Iron (sidêrou) is referred to in Critias 119e according to Bury’s translation:
‘they hunted after the bulls with staves and nooses but with no weapon of iron; and whatsoever bull they captured they led up to the pillar and cut its throat over the top of the pillar, raining down blood on the inscription’.
If this reference was part of the original story told to Solon it adds further evidence that Plato’s description of Atlantis is that of a Late Bronze Age/Iron Age society. The context of this reference would appear to infer that the use of iron weapons was either normal at the time of Atlantis or just an anachronistic addition by Plato, which would have been well within the boundaries of literary licence of that period. Although the use of meteoric iron can be traced back to 3200 BC(b) in Egypt, elsewhere, the first mention of smelted iron in the Aegean and the Middle East is dated to around 1200 BC. Alternatively, the passage might indicate that by tradition the use of iron for the killing of the bull was inappropriate.
>Jürgen Spanuth commented that “If, as Plato maintains, the legend of Atlantis is in every respect an historically accurate and valuable report, then the events he describes must have taken place towards the end of the thirteenth century, at the time of the introduction of iron, when copper and tin were still largely used.” [017.27]<
At the 2005 Atlantis Conference, Professor Stavros Papamarinopoulos delivered an interesting paper(c) outlining the Bronze Age bull rituals in Egypt and the Aegean.

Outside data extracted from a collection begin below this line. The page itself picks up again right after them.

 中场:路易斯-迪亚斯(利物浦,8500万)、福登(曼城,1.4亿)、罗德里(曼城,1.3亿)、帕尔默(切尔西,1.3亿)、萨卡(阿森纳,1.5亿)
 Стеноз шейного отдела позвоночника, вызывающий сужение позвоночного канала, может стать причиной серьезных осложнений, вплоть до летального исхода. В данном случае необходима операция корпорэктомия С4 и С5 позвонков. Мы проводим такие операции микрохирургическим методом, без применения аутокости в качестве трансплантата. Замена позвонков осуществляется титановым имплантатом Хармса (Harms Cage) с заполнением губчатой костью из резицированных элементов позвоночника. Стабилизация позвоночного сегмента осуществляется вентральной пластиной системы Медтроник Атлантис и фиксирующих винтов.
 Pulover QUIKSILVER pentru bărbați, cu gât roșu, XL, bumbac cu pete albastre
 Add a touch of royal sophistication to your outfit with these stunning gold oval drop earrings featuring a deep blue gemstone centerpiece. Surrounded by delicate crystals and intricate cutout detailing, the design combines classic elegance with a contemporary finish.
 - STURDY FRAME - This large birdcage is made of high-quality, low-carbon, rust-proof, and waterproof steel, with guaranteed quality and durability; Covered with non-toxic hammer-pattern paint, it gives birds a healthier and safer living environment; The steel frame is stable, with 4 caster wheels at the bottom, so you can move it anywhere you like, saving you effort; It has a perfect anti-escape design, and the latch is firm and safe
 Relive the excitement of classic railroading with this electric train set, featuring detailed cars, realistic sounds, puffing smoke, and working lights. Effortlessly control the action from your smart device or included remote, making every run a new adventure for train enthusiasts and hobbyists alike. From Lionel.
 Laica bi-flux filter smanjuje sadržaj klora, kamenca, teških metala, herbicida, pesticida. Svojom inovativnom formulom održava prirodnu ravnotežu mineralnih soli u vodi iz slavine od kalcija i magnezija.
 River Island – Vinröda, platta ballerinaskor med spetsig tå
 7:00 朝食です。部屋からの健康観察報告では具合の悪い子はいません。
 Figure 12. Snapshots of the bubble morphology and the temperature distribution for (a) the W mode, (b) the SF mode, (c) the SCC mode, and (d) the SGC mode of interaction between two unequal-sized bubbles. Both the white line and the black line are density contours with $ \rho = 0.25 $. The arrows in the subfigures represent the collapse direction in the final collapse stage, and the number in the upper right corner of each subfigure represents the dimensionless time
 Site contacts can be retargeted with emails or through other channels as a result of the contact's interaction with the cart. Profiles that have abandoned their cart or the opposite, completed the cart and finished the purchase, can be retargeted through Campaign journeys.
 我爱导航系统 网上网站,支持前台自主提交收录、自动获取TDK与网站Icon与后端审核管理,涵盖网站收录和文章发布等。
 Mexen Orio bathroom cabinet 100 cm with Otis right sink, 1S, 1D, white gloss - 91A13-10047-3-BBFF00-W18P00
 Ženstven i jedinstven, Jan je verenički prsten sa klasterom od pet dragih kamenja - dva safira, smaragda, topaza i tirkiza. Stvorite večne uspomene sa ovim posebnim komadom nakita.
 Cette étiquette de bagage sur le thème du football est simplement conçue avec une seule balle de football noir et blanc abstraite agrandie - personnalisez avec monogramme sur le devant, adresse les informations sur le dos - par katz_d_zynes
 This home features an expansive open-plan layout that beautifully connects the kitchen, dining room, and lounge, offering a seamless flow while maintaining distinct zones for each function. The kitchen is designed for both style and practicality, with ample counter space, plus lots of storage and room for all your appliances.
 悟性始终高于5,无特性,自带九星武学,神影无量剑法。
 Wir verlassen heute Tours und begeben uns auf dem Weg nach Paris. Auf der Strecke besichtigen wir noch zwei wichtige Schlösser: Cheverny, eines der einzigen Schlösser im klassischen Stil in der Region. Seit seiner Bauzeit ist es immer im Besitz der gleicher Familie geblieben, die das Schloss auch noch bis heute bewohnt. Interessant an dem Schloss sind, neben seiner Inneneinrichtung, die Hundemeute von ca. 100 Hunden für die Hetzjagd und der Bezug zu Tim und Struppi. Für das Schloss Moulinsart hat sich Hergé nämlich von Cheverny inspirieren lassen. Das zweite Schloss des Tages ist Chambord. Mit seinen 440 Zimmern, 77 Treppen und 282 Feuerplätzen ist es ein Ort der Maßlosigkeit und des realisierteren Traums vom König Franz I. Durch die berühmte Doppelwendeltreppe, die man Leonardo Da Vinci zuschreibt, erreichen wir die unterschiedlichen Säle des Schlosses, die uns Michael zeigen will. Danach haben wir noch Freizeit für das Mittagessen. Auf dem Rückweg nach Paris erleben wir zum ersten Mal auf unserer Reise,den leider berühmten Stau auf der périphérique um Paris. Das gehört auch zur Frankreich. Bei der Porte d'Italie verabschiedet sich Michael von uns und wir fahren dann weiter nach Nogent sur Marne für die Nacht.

Bauval & Hancock in their Keeper of Genesis[1050.104] recount the strange tale of an iron plate removed from the Great Pyramid at Giza in1837 and believed at the time that it had been included in the structure of the Pyramid when it was built. It took over a century before it was subjected to rigorous scientific testing by Dr. M.P. Jones and Dr. Sayed El Gayer, who concluded that the item “is very ancient” and that “the metallurgical evidence supports the archaeological evidence which suggests that the plate was incorporated within the Pyramid at the time that structure was being built”, generally thought to be around 2550 BC. Their conclusions were rejected by the British Museum, presumably because their acceptance conflicted with the conventional date for the start of the Iron Age in Egypt around a millennium later. However, I note that pieces of iron were found in the Black Pyramid of Abusir, which probably dates before 2000 BC(a).